John D. Rockefeller, circa 1895. (via Wikimedia Commons)
How the birth of the modern oil industry set the stage for the modern takeover of byproducts
Edwin Drake, the man who created the first modern process of drilling for oil made nearly nothing from his innovation. John D. Rockefeller, on the other hand, would at the peak of his powers be worth more than Bill Gates, Jeff Bezos, Warren Buffett, and Mark Zuckerberg combined … if his oil-derived wealth accounted for inflation.
So what makes the Standard Oil founder different from the now-somewhat-forgotten Drake? It might have something to do with byproducts.
In the late 1850s, Drake, an employee of the Seneca Oil Company, came up with a process for drilling and petroleum, which was then developed into kerosene, which became very popular in the latter half of the 19th century as a lamp-lighting material, replacing the then widely used whale oil.
But the process of refining kerosene created a byproduct that seemed useless at the time. Drake, for one, just threw the clear substance away, along with every other element of the petroleum that wasn’t kerosene.
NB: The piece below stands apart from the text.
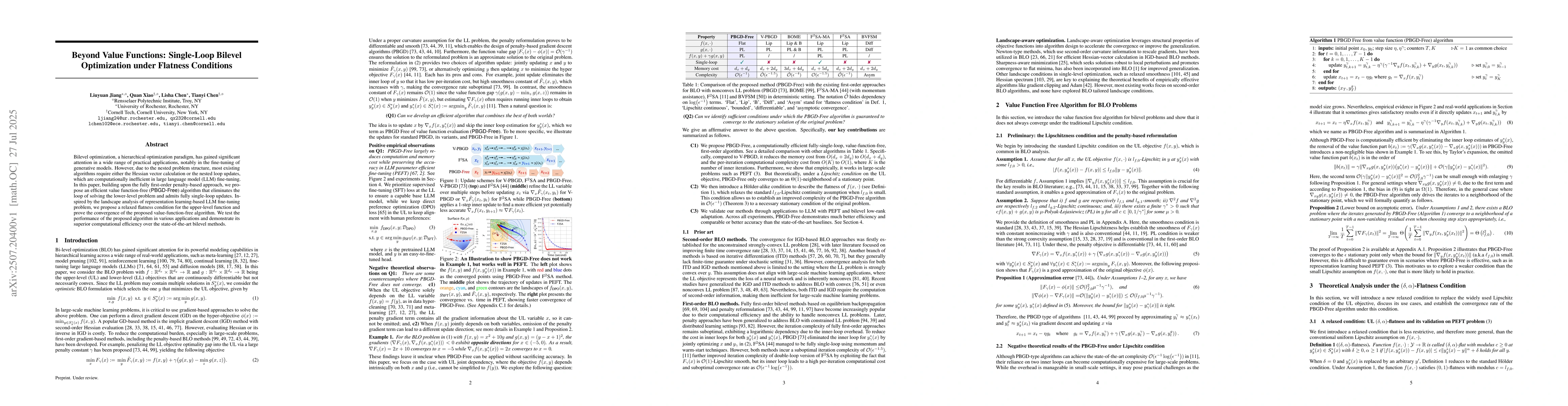 The paper proposes an efficient value function-free (PBGD-Free) algorithm for bilevel optimization, eliminating the nested loop updates and admitting fully single-loop operations. It builds upon a fully first-order penalty-based approach and introduces a relaxed flatness condition for the upper-level function, proving the convergence of the proposed algorithm.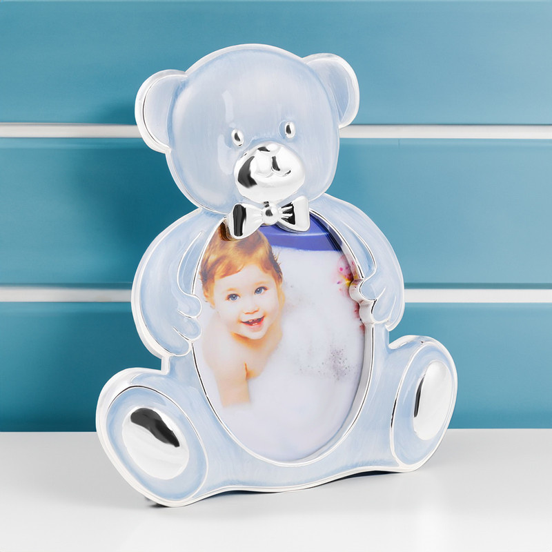 Ramka na Zdjęcie Błękitny Miś Pamiątka Chrzest Roczek Dedykacja

Often, this material would be put directly into the river, polluting the water.
He had to do something with it … right?
Many of the other oil companies that followed Drake’s tracks did the same thing. (They probably shouldn’t have; Drake, somewhat infamously, had a terrible reputation as a businessman, despite being a pioneer of a whole way of life.)
It seems crazy now that oil refiners would throw away 40 percent of their product, but that’s what happened.
Standard Oil wells near Pawee, Oklahoma. (Wikimedia Commons)
But Rockefeller didn’t do that. Rather than treating gasoline as if it was useless, he had his company, Standard Oil save it—and looked for ways to use it. As early biographer Ida Minerva Barbell wrote of Rockefeller in 1904:
From the start his effect was tremendous. He had the frugal man's hatred of waste and disorder, of middlemen and unnecessary manipulation, and he began a vigorous elimination of these from his business. The residuum that other refineries let run into the ground, he sold. Old iron found its way to the junk shop. He bought his oil directly from the wells. He made his own barrels. He watched and saved and contrived. The ability with which he made the smallest bargain furnishes topics to Cleveland storytellers today. Low-voiced, soft-footed, humble, knowing every point in every man's business, he never tired until he got his wares at the lowest possible figure.
Kerosene was obviously an important part of oil’s initial success, but Rockefeller saw that there would be much more value in trying to sell every element of the oil, which came in handy when new markets emerged for the various byproducts.
From a visionary standpoint this turned out to be a stroke of brilliance, as the initial market for kerosene would be affected by electricity … but at the same time, the automobile came to prominence, making the once-discarded gasoline much more valuable. (Kerosene would later find popularity as jet engine fuel.)
Rockefeller, of course, didn’t become rich just because of his ability to identify and sell byproducts. He was an effective vertical integrator and wise about saving money where he could. He knew how to expand his empire into related fields. And of course, by the time Standard Oil was dominant, he was a ruthless businessman who was not above bribery or made-up price wars to dominate the market. At one point, Standard was so powerful that it effectively ignored the federal government’s efforts to break it up and used a legal loophole to continuing operating its business like a trust.
But one could argue the root of that power came from the ability to realize almost immediately that petroleum byproducts had immense value and should not be thrown out.